**REQUIRED WORK:** Below are records with pictures. Transcribe exactly, and only, the lines from the line with "Na zakończenie wszyscy" to the line with "Discover the perfect", both ends included, but not the pictures.

**RECORDS PROVIDED:**
§ §

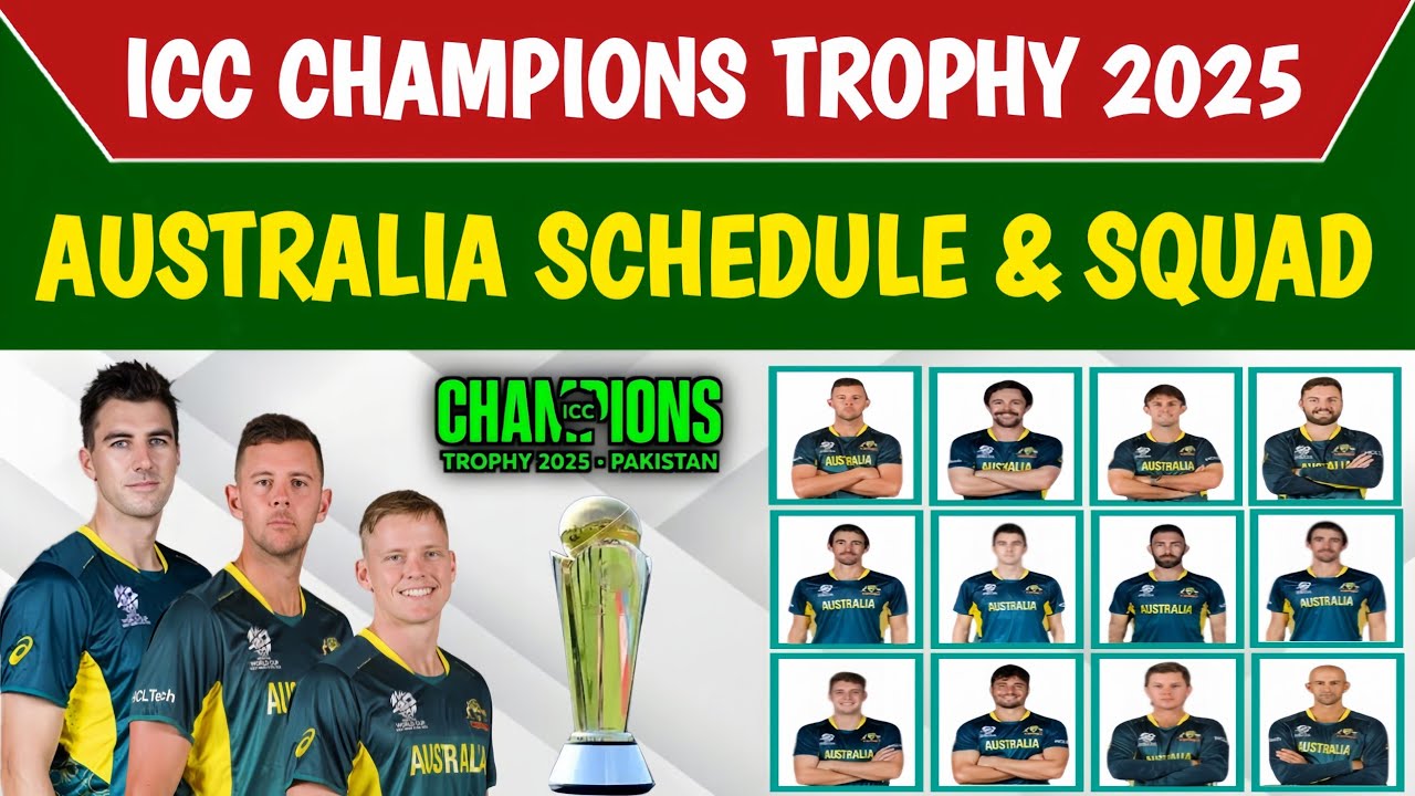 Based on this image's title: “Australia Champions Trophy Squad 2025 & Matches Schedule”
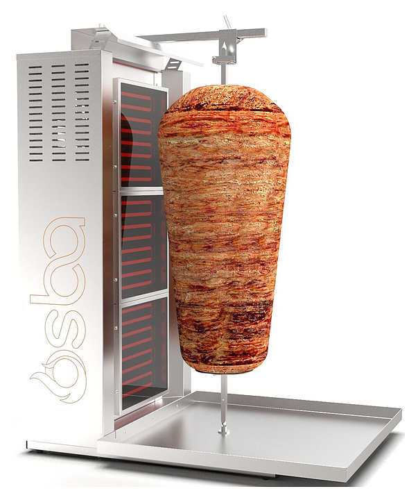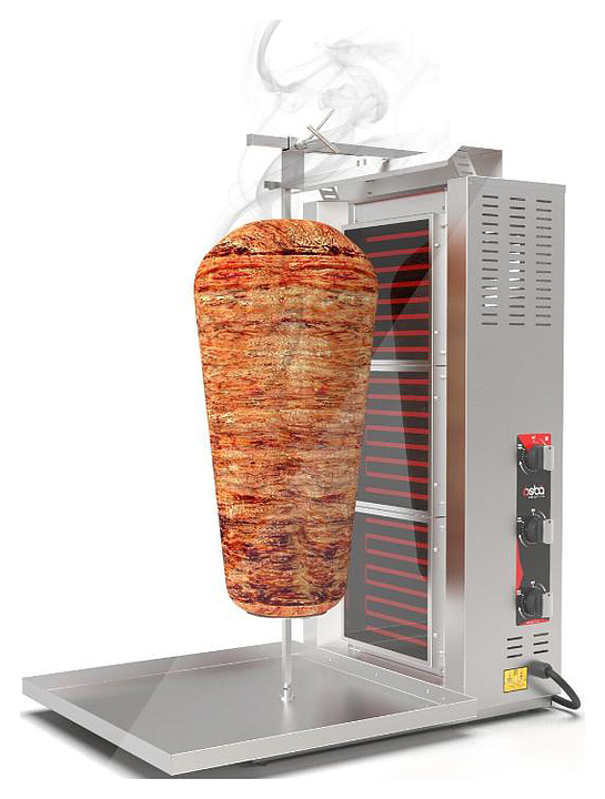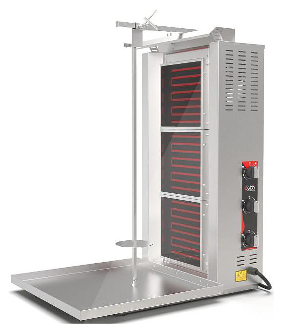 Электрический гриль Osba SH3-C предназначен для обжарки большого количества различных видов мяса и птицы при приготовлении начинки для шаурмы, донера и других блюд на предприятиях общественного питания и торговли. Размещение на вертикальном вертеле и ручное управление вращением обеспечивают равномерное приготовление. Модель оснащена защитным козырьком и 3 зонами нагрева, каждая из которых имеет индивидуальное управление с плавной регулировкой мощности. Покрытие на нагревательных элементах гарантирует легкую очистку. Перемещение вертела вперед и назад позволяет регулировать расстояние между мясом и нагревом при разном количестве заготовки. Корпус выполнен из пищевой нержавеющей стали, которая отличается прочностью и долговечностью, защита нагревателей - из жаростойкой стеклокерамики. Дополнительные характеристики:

§ §

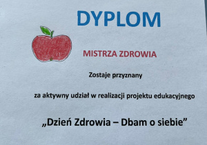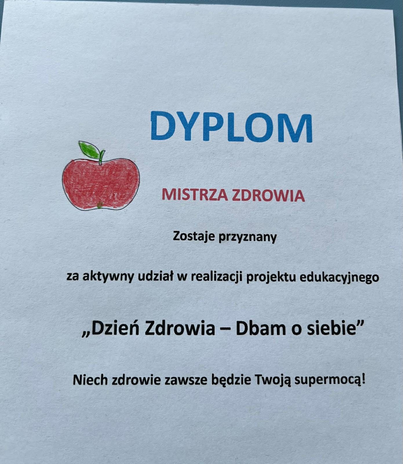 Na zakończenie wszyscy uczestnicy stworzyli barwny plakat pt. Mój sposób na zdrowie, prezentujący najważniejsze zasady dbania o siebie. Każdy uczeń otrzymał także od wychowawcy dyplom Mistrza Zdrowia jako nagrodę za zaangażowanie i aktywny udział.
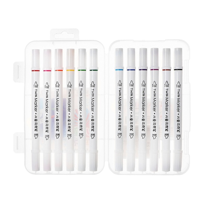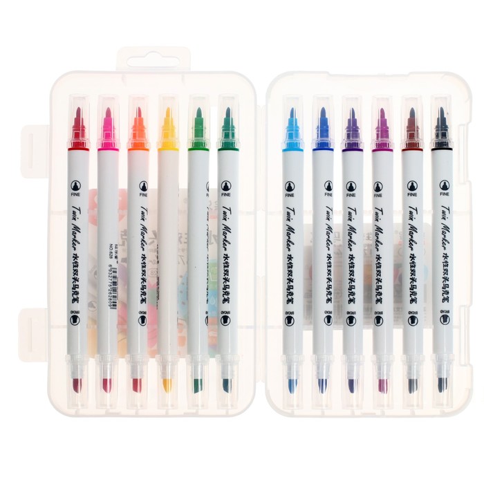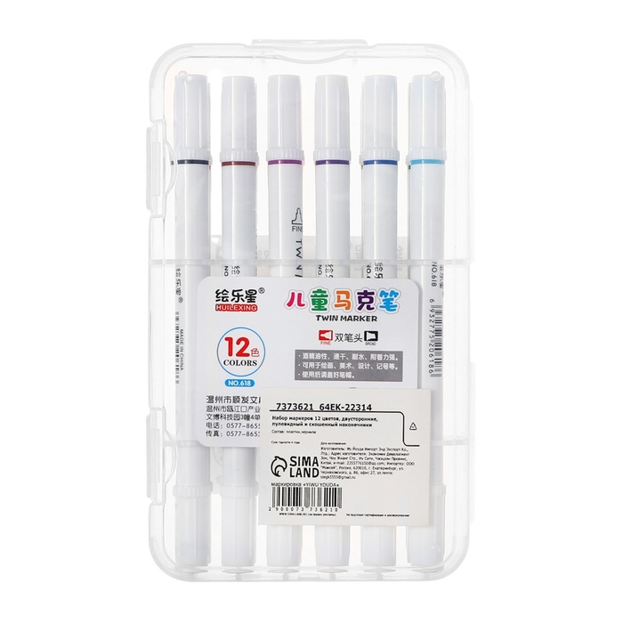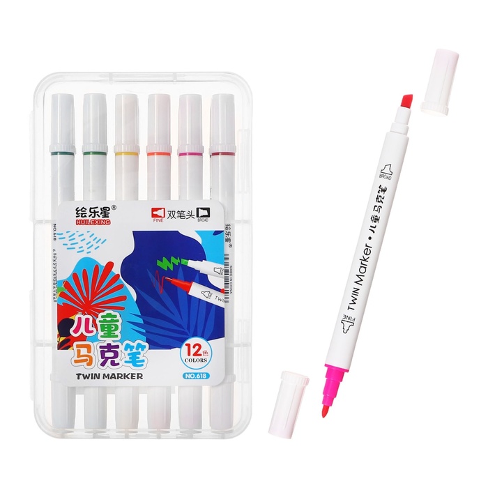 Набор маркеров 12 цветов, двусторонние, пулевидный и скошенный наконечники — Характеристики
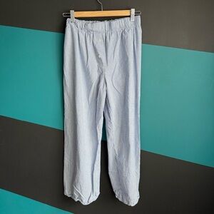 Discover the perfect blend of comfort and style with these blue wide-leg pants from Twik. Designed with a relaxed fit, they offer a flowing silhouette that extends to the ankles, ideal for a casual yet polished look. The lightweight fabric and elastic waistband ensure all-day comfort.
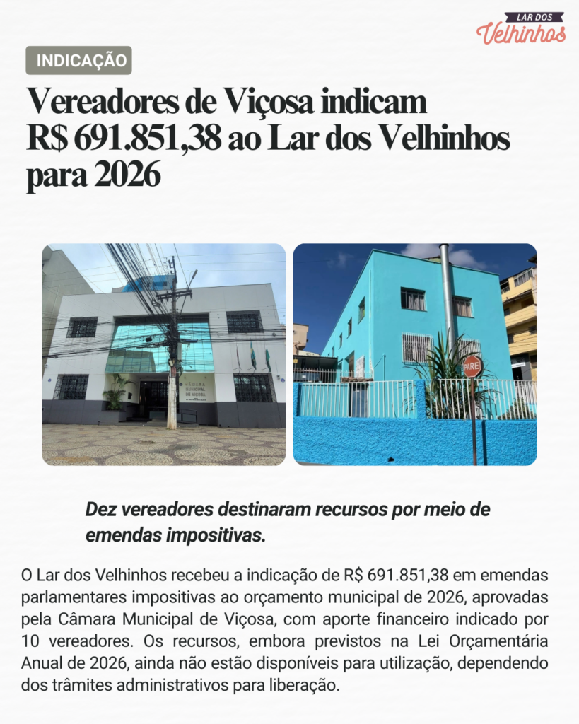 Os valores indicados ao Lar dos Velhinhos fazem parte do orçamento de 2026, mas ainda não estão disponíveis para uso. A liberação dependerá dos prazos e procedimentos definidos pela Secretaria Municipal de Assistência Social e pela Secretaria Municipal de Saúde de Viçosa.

§ §

**COMPLETED TASK:**
 Na zakończenie wszyscy uczestnicy stworzyli barwny plakat pt. Mój sposób na zdrowie, prezentujący najważniejsze zasady dbania o siebie. Każdy uczeń otrzymał także od wychowawcy dyplom Mistrza Zdrowia jako nagrodę za zaangażowanie i aktywny udział.
 Набор маркеров 12 цветов, двусторонние, пулевидный и скошенный наконечники — Характеристики
 Discover the perfect blend of comfort and style with these blue wide-leg pants from Twik. Designed with a relaxed fit, they offer a flowing silhouette that extends to the ankles, ideal for a casual yet polished look. The lightweight fabric and elastic waistband ensure all-day comfort.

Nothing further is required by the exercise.